How to survive your freshman year

Matt Terrell
Vail CO, Colorado
Preston Utley/Vail DailyJordan Harrison wears a pig hat during Battle Mountain's freshman orientation Friday in Eagle-Vail. School begins in the valley on Tuesday.

EAGLE-VAIL ” High school freshman aren’t usually the best students.

Pumped with hormones and still shaking off their middle-school mentalities, eighth-graders have a tough time transitioning to ninth-grade life, and school work can suffer. Some students handle the change with grace, and others fall through the cracks, said Jan Abbott, Battle Mountain High School counselor.

“It’s hard to recover from a bad freshman year,” Abbott said.

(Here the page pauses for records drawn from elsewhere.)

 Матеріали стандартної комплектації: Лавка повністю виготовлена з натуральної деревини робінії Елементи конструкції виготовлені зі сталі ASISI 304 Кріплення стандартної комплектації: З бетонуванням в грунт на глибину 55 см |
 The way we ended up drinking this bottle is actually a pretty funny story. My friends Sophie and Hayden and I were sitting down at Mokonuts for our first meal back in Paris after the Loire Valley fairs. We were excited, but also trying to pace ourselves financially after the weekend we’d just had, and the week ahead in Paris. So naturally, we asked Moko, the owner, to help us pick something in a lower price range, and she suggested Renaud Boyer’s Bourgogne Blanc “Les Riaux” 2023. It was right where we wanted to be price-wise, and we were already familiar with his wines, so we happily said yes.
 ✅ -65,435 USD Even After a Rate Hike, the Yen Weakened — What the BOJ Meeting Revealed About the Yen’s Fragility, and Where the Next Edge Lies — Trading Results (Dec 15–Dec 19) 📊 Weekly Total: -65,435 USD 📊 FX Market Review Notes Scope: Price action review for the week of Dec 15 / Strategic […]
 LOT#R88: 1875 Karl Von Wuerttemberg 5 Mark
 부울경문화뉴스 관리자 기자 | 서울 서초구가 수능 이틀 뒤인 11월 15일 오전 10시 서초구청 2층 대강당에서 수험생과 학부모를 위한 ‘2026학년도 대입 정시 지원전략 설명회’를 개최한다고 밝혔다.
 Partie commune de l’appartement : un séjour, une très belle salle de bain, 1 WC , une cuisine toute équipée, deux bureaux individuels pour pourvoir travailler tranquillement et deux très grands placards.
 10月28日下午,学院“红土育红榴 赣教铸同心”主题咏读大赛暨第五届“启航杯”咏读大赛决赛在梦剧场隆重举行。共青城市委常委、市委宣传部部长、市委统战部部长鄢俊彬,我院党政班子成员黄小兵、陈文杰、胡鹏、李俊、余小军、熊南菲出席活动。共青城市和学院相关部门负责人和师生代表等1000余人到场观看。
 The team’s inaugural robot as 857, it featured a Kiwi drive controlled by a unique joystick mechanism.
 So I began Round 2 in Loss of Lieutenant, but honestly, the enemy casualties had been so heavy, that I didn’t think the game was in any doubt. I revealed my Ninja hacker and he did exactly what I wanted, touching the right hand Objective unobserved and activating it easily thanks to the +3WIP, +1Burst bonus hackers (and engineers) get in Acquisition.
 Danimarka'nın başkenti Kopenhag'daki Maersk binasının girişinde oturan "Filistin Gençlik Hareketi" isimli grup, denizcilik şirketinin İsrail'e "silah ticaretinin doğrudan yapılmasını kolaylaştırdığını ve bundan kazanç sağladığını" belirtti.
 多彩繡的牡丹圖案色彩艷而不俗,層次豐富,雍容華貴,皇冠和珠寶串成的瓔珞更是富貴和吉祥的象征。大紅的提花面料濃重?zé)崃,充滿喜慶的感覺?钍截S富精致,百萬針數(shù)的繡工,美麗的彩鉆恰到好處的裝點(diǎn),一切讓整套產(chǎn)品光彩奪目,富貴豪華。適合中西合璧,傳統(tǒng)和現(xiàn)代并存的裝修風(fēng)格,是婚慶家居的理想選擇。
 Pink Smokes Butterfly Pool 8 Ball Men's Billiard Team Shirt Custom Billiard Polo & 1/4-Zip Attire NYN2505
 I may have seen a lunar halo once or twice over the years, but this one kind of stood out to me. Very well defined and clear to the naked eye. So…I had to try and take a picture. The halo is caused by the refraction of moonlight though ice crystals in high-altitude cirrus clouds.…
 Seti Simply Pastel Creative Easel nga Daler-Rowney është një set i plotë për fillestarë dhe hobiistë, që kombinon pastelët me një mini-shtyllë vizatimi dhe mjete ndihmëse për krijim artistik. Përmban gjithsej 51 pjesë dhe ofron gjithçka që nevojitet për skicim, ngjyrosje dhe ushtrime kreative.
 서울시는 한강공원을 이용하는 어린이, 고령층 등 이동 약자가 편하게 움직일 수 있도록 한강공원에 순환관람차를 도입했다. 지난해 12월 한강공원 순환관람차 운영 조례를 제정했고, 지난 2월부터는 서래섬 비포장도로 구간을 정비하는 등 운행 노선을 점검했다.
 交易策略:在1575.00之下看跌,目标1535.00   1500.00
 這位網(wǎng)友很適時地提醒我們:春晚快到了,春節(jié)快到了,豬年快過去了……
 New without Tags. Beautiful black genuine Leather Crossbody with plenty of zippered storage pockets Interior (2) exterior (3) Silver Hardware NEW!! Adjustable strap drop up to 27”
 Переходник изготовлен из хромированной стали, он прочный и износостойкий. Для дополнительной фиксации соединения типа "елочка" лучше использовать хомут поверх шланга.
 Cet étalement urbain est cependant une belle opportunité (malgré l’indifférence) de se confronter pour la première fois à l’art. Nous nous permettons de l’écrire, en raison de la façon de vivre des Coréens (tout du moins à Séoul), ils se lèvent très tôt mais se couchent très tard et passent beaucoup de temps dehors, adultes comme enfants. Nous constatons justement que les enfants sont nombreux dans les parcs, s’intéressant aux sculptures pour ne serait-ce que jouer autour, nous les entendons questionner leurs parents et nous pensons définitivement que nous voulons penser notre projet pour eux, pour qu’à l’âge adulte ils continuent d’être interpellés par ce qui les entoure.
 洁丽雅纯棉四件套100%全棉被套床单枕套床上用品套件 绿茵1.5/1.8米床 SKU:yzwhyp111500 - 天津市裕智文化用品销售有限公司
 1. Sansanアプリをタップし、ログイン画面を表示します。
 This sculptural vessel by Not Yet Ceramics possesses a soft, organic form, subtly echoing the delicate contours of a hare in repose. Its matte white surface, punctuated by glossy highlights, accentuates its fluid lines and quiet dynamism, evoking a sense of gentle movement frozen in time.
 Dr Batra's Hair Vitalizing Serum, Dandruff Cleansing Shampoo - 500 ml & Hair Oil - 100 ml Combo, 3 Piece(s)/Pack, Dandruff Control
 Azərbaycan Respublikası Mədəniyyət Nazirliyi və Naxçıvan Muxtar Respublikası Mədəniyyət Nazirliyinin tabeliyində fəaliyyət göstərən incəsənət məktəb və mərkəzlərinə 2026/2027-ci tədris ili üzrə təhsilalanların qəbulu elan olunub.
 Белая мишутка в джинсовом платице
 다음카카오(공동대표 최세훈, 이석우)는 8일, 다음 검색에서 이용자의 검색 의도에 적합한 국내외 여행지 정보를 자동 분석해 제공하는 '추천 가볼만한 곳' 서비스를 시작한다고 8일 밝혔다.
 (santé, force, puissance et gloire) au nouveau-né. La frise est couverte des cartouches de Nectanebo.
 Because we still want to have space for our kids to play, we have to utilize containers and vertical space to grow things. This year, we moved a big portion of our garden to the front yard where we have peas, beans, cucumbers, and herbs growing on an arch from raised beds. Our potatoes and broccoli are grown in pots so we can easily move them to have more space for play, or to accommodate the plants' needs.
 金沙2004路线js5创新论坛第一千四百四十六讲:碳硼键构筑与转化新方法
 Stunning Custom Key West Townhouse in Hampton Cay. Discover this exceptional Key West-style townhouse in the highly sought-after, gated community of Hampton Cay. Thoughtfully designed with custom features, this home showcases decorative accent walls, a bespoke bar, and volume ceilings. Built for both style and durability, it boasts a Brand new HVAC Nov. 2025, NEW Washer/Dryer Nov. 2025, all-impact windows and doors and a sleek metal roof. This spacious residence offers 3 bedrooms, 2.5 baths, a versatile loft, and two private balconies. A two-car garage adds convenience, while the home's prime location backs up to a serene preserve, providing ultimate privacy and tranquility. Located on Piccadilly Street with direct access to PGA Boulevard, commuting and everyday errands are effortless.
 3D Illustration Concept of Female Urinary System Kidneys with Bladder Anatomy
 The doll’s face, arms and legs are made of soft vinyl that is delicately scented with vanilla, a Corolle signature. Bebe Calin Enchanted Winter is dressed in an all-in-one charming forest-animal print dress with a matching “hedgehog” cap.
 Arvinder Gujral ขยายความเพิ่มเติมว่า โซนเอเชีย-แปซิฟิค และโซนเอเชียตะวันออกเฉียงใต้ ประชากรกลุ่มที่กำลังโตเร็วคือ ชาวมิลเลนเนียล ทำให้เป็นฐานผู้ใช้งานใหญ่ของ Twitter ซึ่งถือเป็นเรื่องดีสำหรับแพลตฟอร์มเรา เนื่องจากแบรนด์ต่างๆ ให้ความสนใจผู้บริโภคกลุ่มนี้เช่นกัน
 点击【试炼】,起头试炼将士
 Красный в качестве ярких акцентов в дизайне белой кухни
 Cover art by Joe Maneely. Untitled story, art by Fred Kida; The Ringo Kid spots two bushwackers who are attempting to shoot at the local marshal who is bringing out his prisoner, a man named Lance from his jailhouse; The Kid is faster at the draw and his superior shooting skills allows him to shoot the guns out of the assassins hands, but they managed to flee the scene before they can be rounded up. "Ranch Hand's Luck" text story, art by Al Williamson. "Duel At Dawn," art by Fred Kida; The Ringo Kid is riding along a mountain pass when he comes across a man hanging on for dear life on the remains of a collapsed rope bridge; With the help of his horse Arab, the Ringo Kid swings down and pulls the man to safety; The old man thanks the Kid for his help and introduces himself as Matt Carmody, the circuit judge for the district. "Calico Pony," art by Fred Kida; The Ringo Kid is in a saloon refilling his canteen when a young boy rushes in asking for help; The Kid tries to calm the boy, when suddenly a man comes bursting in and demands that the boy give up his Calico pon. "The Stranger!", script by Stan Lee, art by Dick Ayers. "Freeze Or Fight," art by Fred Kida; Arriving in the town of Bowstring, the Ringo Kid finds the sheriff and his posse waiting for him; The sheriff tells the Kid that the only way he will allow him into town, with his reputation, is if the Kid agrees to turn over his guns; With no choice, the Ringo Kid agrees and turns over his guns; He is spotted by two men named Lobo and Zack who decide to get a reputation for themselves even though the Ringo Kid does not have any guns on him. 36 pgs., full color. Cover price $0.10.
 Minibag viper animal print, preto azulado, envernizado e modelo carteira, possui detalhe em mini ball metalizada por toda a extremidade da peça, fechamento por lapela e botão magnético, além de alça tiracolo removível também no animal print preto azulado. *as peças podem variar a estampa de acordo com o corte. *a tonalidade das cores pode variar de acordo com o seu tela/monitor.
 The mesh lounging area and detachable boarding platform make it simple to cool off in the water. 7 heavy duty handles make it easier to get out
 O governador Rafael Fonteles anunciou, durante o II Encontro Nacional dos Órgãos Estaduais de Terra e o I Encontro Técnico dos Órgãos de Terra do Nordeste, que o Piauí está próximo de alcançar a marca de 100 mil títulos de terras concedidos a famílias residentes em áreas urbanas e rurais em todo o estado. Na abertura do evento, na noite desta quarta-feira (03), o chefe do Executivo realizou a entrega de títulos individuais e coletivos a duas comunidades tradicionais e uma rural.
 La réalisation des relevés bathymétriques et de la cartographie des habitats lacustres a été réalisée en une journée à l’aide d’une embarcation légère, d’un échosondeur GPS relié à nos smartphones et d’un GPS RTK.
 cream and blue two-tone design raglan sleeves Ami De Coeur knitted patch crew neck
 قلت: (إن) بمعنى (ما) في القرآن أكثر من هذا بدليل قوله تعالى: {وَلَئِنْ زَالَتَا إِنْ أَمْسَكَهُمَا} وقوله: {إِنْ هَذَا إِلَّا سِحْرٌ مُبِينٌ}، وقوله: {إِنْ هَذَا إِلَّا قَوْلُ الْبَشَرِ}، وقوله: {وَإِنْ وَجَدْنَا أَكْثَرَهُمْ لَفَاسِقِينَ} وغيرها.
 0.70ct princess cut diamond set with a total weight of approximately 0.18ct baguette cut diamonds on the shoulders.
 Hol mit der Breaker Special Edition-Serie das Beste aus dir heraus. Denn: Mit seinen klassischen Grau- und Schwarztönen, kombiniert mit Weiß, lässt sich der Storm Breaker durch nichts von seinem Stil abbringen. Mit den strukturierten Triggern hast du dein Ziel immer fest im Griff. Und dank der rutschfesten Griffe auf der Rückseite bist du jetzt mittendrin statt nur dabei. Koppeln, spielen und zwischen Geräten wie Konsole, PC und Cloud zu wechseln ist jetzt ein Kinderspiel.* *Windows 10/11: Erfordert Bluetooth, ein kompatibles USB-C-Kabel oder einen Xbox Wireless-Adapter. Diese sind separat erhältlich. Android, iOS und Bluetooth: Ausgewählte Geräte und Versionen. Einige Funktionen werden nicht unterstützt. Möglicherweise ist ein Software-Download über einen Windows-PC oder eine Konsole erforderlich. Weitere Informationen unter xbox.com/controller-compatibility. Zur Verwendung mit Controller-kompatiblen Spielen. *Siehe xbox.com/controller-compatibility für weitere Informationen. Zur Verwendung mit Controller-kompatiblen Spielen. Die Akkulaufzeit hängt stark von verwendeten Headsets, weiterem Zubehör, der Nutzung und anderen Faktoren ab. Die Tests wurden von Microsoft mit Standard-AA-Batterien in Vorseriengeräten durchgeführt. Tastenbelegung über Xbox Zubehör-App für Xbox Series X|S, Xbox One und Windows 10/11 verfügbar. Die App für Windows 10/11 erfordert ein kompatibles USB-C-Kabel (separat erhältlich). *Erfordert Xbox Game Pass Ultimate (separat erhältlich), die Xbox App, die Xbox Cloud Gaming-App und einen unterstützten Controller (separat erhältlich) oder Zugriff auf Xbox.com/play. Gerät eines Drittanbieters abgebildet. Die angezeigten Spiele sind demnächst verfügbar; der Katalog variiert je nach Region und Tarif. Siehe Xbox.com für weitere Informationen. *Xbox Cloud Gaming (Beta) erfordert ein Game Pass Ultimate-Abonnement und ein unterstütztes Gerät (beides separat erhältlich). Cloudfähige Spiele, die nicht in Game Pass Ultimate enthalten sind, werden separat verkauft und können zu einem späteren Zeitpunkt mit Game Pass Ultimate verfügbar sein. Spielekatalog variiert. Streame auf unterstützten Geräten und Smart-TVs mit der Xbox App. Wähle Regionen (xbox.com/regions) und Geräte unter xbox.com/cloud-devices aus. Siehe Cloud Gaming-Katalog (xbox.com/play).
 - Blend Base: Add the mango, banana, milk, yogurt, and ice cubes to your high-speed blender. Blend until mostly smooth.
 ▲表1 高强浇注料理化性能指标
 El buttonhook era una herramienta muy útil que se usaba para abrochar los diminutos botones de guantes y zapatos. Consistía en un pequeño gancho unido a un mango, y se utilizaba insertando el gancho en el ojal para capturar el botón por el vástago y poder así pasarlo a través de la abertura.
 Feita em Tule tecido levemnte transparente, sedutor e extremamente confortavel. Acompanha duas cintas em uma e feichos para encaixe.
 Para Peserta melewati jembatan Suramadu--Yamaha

This is why Battle Mountain is trying a few different things this year to help freshmen adjust to high school. It’s called the Freshman Transition Program.

Freshmen will have a smaller set of teachers than they’ve had in the past, and those teachers will be dedicated to teaching just the ninth-graders. Everybody will know everybody ” and that’s a good thing for a student.

Freshman will have their own wing of the school ” a hallway dedicated to freshman classes and lockers that serves as sort of a home base on familiar terrain.

And all the freshmen have been grouped with upper classmen who will show them the ropes in a much larger world.

“We’re telling them, ‘We’re going to expect more from you, but we’re going to support you,'” Principal Brian Hester said.

What students accomplish as freshmen will really set the tone for the next three years. Students who perform well as freshmen will usually keep doing so, while those who fall behind will have to dig themselves out of a hole.

“The data shows us repeatedly that ninth grade is the most challenging,” said Assistant Principal Philip Qualman.

So what makes ninth grade so tough? Well, everything you remember about ninth grade makes it tough.

The students are entering a much larger social jungle. Where they were once the oldest, biggest students in the school, they’re now bumping into seniors twice their size. Intimidating confrontations, full of potential embarrassment, are around every corner.

They’re faced with the all-important task of defining themselves and their friends, all while keeping their grades up.

“They have to get their feet on the ground, figure out who they are and make good decisions that will affect the rest of their lives,” Abbott said.

Students also are coming in from a wide variety of middle schools, each with different attitudes, cultures and expectations, Qualman said. Put them all together, and students can have a difficult time adjusting to the new environment and to each other.

Then you have the teachers. Not only are there a lot more of them, but they each have different expectations than the teachers in middle school.

This collection of universal difficulties show themselves in classwork and on freshman test scores. That’s why you’ll see students who show academic growth in seventh and eighth grade take a dip once they reach ninth grade.

A freshmen transition program will help smooth out that speed bump, Qualman said, making sure students aren’t having to play catch-up with the rest of high school.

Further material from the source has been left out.